_Supplied information_:
········
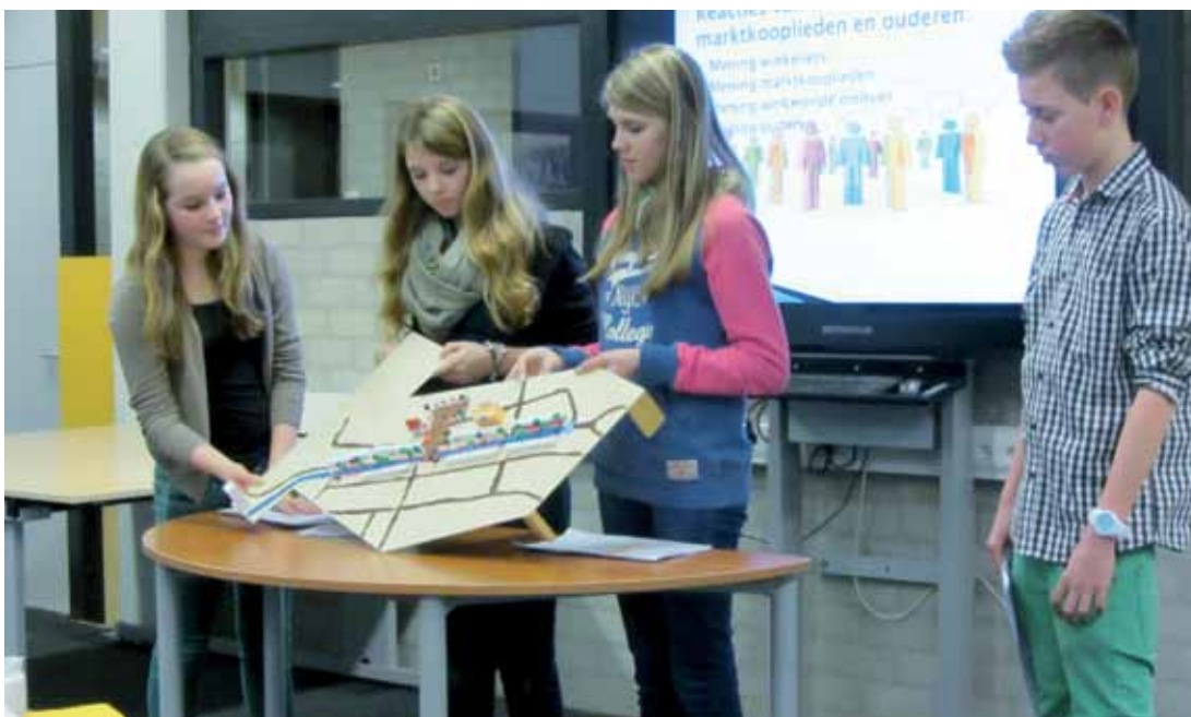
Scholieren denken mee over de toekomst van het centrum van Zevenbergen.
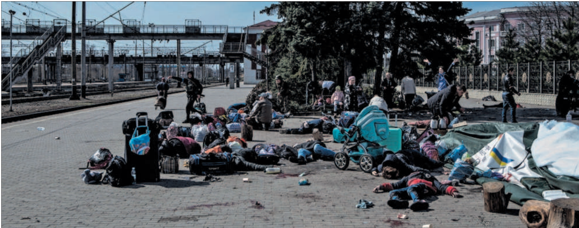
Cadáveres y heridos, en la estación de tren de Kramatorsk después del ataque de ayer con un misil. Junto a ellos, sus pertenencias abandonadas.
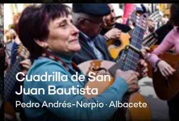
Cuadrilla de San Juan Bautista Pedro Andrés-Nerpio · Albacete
········
_Exercise goal_:
The data should be printed again unchanged; leave its pictures out.

_Written solution_:
Scholieren denken mee over de toekomst van het centrum van Zevenbergen.
Cadáveres y heridos, en la estación de tren de Kramatorsk después del ataque de ayer con un misil. Junto a ellos, sus pertenencias abandonadas.
Cuadrilla de San Juan Bautista Pedro Andrés-Nerpio · Albacete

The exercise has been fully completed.